The ground shifted beneath of the feet of top tier Washington lobbyists with last month’s passage of the Foreign Lobbying Reform Act, introduced by Rep. Frank Wolf (R-Virginia).   If Wolf’s legislation goes on to be approved by the Senate, that rumble could well become a seismic event.  The legislation, inserted into the 2013 Financial Services Bill, would ban upper echelon political figures, including ex-Presidents and former members of Congress, from lobbying for ten years on behalf of governments identified by the State Department as politically or religiously repressive.  The bill also limits, for the same ten year period, the potential lobbying activities of other prominent retired officials, including ambassadors, generals, admirals, and CIA operatives.
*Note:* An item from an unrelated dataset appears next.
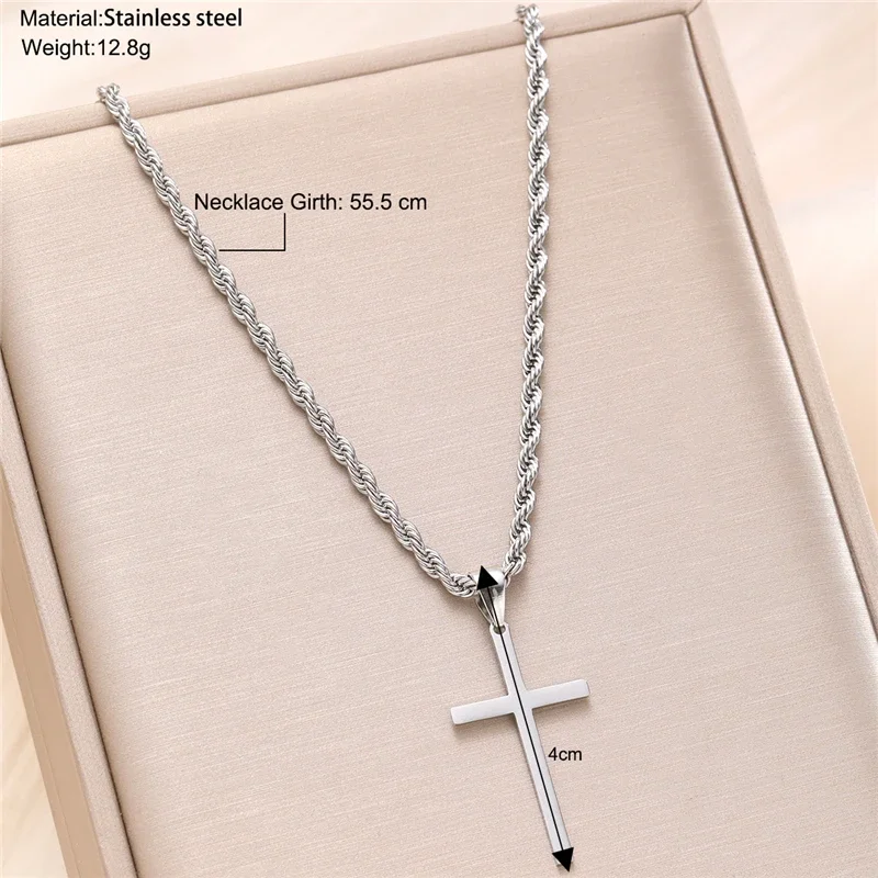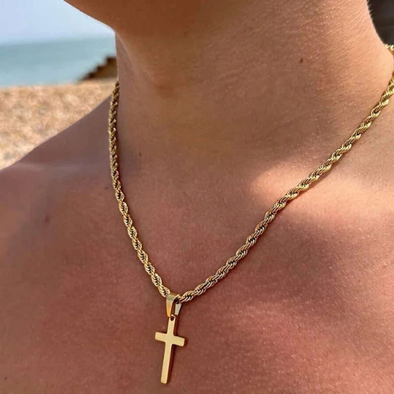 ステンレススチール製クロスペンダントネックレス メンズ ボーイズ 18Kゴールドメッキ シルバー シンプルツイストチェーン ファッショナブルジュエリー ビーチパーティー

These leaders-turned-lobbyists won’t take much of a trimming if countries like Eritrea and Uzbekistan are cut out of their portfolios by Wolf’s legislation.   That said, the anguish will be audible if major players like China, Saudi Arabia and Burma, all of which are cited as countries of “particular concern” by the State Department, remain on Wolf’s black list.  While hard numbers are impossible to fix, some have estimated that Saudi Arabia has pumped roughly 100 million advocacy dollars into Washington since 2000.  That isn’t all.  As currently written, Wolf’s bill extends the ten year ban to state-owned companies too, scores of which have high profiles in Washington.  For retired public officials with foreign policy resumes, Wolf’s ban would mean a serious check on their ability to parlay big wheel government work into private sector paydays.

In interviews Rep. Wolf has identified religious persecution as the prime mover of his conscience on this legislation.  This emphasis distinguishes Wolf’s effort from earlier measures proposed to raise a wall between K Street and politically unsavory countries, the bulk of which have focused on broad human rights abuses and were generated by liberals.  In recent years the persecution of Christian worshippers and activists in the Middle East and Asia has become a topic of passionate concern among American evangelicals and their D.C. advocates.   By focusing on religious repression, and more particularly the suffering of Christians in countries like China, Wolf has framed the issue from the right.  If liberal human rights watchers and conservative religious freedom advocates can unite behind Wolf’s bill as it travels out of House, the prospect for passage of some version of the legislation is above the mean.

There would be real fallout if this came to pass, hitting some major D.C. lobbying shops.  But lobbyists should be consoled by the fact it could have been a lot worse.  Which foreign countries were on the no-lobby list when Wolf first introduced his legislation?  Everyone of them but the USA.